| Activity |
When you copy from the entries that follow, take only the lines from the one with "サマー用セラミックレールとウ" down to the one with "6' Standard PolyPoplin", keeping both ends and dropping every picture.

| Stored data |

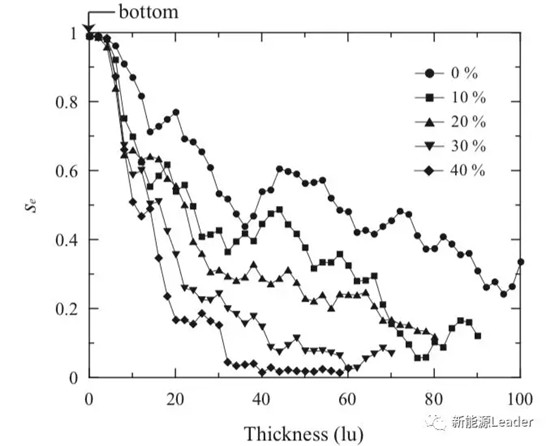下圖為正極在厚度方向上電解液飽和度與距離電極表面距離的關系,從圖中能夠看到隨著距離電極表面距離的增加,電解液的飽和度出現了明顯的下降,表明電極中的電解液隨著距離電極表面的距離增加出現了明顯的減少。其中沒有碾壓的電極這種降低趨勢較慢,表面電解液的浸潤情況較好,而隨著碾壓密度的升高,曲線的降低速度也大大增加,表明壓實密度對于電解液的浸潤有非常大的影響。
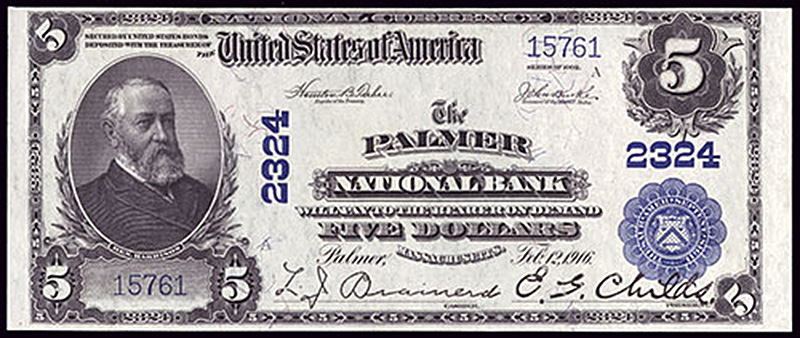 MA. Palmer. Ch.2324. Palmer National Bank. $5. 1902 PB. Fr. 606. No.15761/15761. Plate A. Uncirculated. Fresh, and crisp, with bold printed signatures.
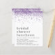 Parties scintillant violet Fête des mariées Invitation déjeuner. Un prix économique PETIT 4,5 po x 5,6 po alternatif. Disponible dans un STOCK CARTE SEMI GLOSS 110 lb qui est l'option par défaut (recommandé pour les invitations), OU un STOCK PAPIER THINNER SATIN FINISH 80 lb (idéal pour les boîtiers). Les enveloppes sont en option et légèrement plus grandes que la taille de la carte. Beaucoup d'espace blanc pour un style contemporain et une bordure de parties scintillant en faux violet de chaque côté pour un peu pétillant. L'en-tête de l'occasion est grand en minuscule élégant avec les détails en bas. Personnalisez facilement le texte à vos propres détails.
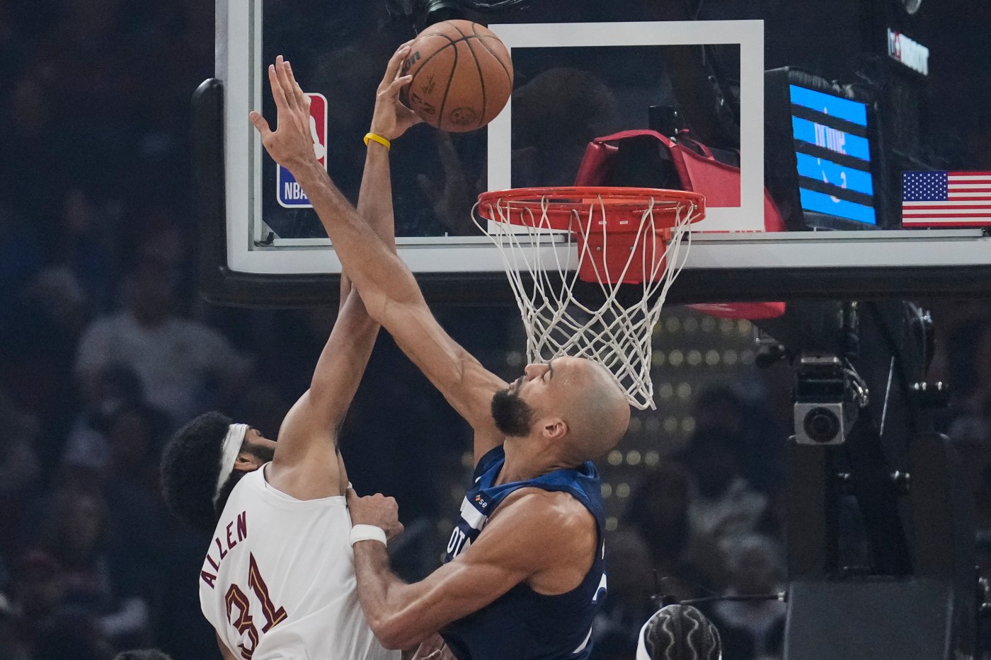 Minnesota Timberwolves center Rudy Gobert, left, fouls Cleveland Cavaliers center Jarrett Allen, right, in the first half of an NBA basketball game Sunday, Jan. 4, 2026, in Cleveland. (AP Photo/Sue Ogrocki)
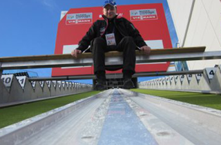 サマー用セラミックレールとウインター用の自動氷層生成レールで、1年を通してスキージャンプ台を同一条件で保持することが可能となりました。
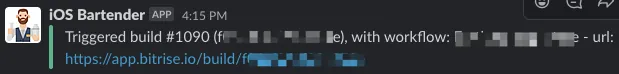 送出之后会发送指令到有 Bitrise APP 的 private channel,EX:
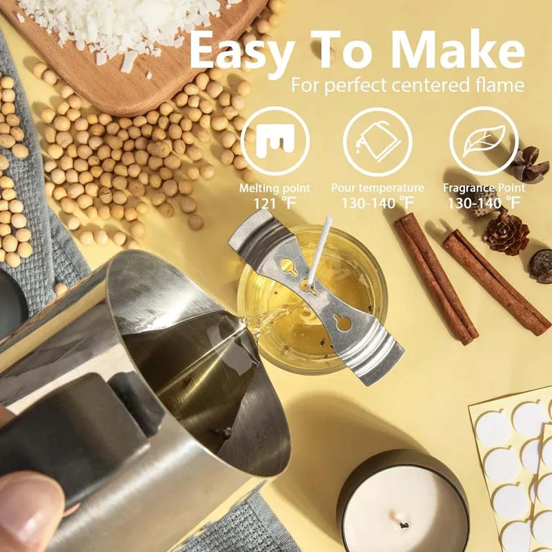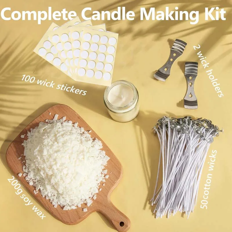 Create beautiful, clean-burning candles at home with this all-in-one soy candle making kit. Featuring 200g of natural soy wax flakes, this kit provides a smooth, eco-friendly base that melts easily and delivers a long-lasting, even burn. It includes 50 cotton candle wicks for reliable performance, 100 wick stickers to keep each wick securely in place, and 2 centering devices to ensure perfect alignment while your candles set. Designed for convenience and precision, this kit is ideal for beginners learning the craft as well as experienced makers looking for a reliable supply set. Perfect for DIY projects, home décor, or personalized gifts, it makes candle making simple, enjoyable, and professional.
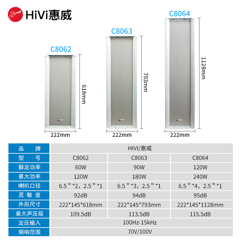 HIVI Huiwei C8062 wall-mounted sound outdoor waterproof sound column All aluminum alloy 60W 90W 120W
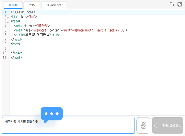 개발 지식이 없어도 괜찮습니다. “공지사항 게시판 만들어줘” 라는 간단한 명령어가 어떻게 실제 작동하는 웹 페이지로 변하는지, 그 마법 같은 과정을 지금 바로 확인해 보세요.
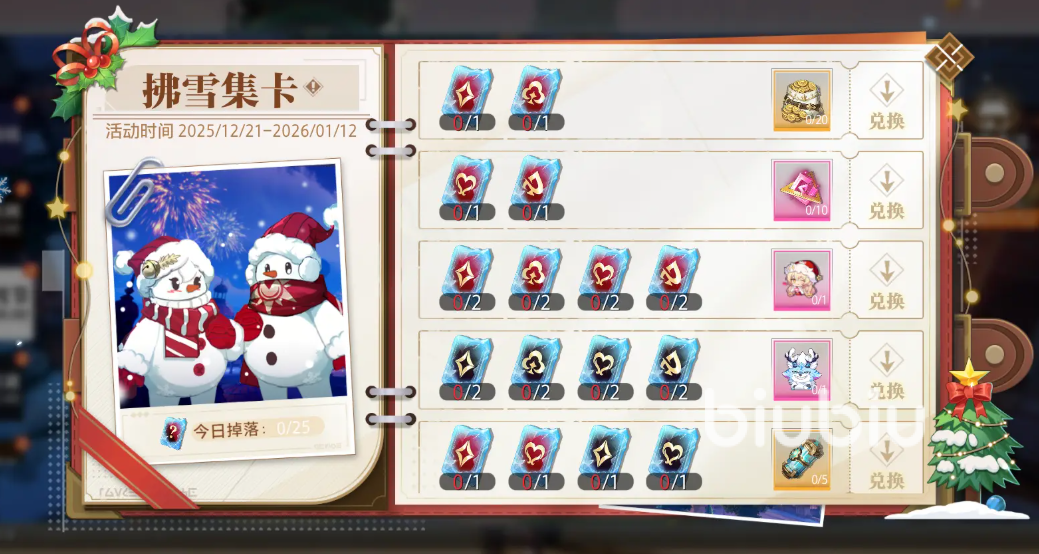 除了上面这些内容外,全新的拂雪集卡玩法和新的圣诞主题家园装饰也上线了。只要通关副本收集并交换凝冰扑克,就可以得到限定表情包和往期橙卡奖励。家园系统也新增节日装饰,大家可以自由布置。
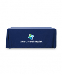 6' Standard PolyPoplin Throw style table cover with one color logo. Designed for quick and easy use while looking great. All corners are rounded meaning they will not gather and lay on the floor. Floor length on all 4 sides. Made from woven polyester. 72" L x 30" D x 29" H
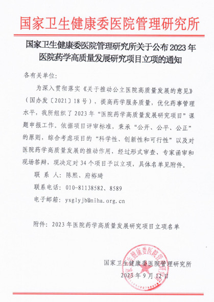 近日,國(guó)家衛(wèi)生健康委醫(yī)院管理研究所公布2023年醫(yī)院藥學(xué)高質(zhì)量發(fā)展研究項(xiàng)目立項(xiàng)名單。此次研究項(xiàng)目遴選面向全國(guó),綜合考慮項(xiàng)目的“科學(xué)性、創(chuàng)新性、可行性”以及對(duì)醫(yī)院藥學(xué)高質(zhì)量發(fā)展的推動(dòng)作用,經(jīng)過(guò)形式審查、專(zhuān)家函審和現(xiàn)場(chǎng)答辯,全國(guó)共遴選出34個(gè)項(xiàng)目立項(xiàng)。我院藥學(xué)部臨床藥學(xué)室副主任藥師章靚申報(bào)的《個(gè)性化院后慢病管理:掌上醫(yī)管家APP研究與開(kāi)發(fā)》獲批立項(xiàng),為我省唯一立項(xiàng)項(xiàng)目。
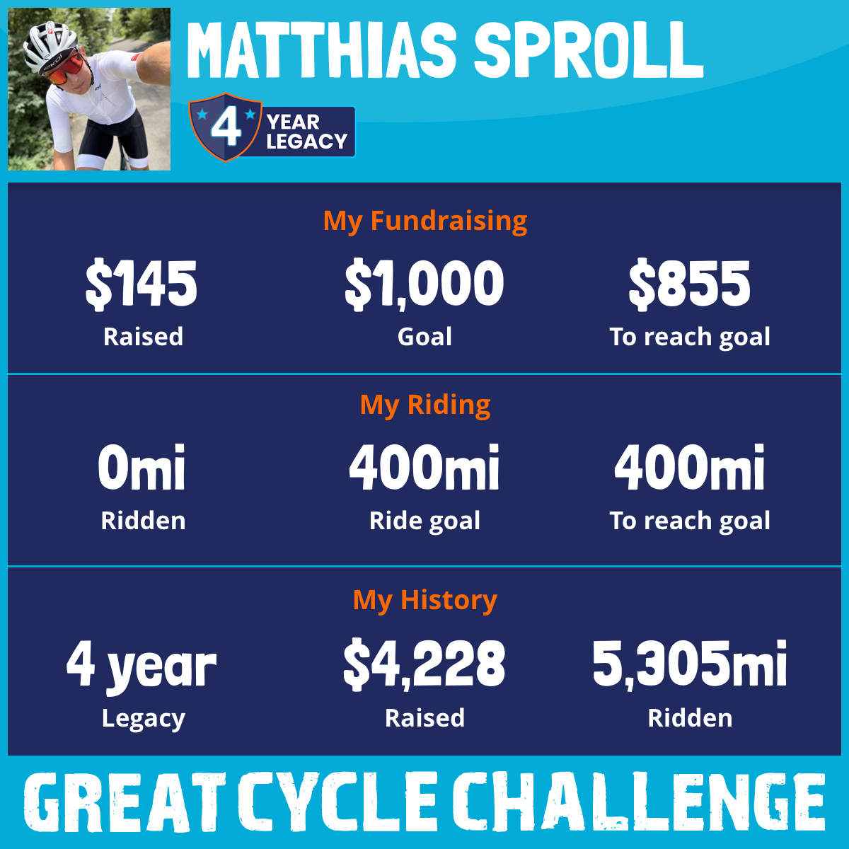 I am riding 400 mi to fight kids' cancer and save little lives. Please sponsor me to support my challenge!
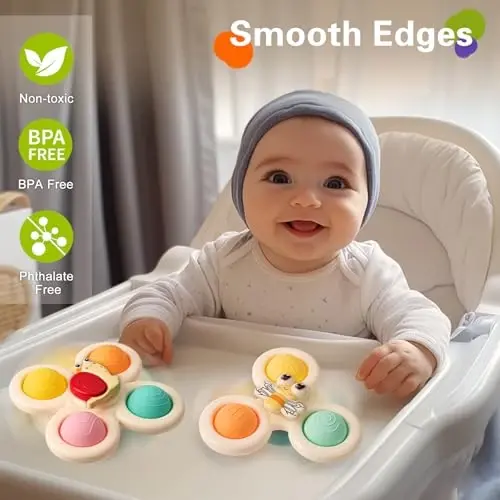 Baby toys, suction cup toy, spinning toy, fine motor skills, hand-eye coordination, sensory toy, baby gift, children's toys, educational toy, safe toy

| Written answer |
 サマー用セラミックレールとウインター用の自動氷層生成レールで、1年を通してスキージャンプ台を同一条件で保持することが可能となりました。
 送出之后会发送指令到有 Bitrise APP 的 private channel,EX:
 Create beautiful, clean-burning candles at home with this all-in-one soy candle making kit. Featuring 200g of natural soy wax flakes, this kit provides a smooth, eco-friendly base that melts easily and delivers a long-lasting, even burn. It includes 50 cotton candle wicks for reliable performance, 100 wick stickers to keep each wick securely in place, and 2 centering devices to ensure perfect alignment while your candles set. Designed for convenience and precision, this kit is ideal for beginners learning the craft as well as experienced makers looking for a reliable supply set. Perfect for DIY projects, home décor, or personalized gifts, it makes candle making simple, enjoyable, and professional.
 HIVI Huiwei C8062 wall-mounted sound outdoor waterproof sound column All aluminum alloy 60W 90W 120W
 개발 지식이 없어도 괜찮습니다. “공지사항 게시판 만들어줘” 라는 간단한 명령어가 어떻게 실제 작동하는 웹 페이지로 변하는지, 그 마법 같은 과정을 지금 바로 확인해 보세요.
 除了上面这些内容外,全新的拂雪集卡玩法和新的圣诞主题家园装饰也上线了。只要通关副本收集并交换凝冰扑克,就可以得到限定表情包和往期橙卡奖励。家园系统也新增节日装饰,大家可以自由布置。
 6' Standard PolyPoplin Throw style table cover with one color logo. Designed for quick and easy use while looking great. All corners are rounded meaning they will not gather and lay on the floor. Floor length on all 4 sides. Made from woven polyester. 72" L x 30" D x 29" H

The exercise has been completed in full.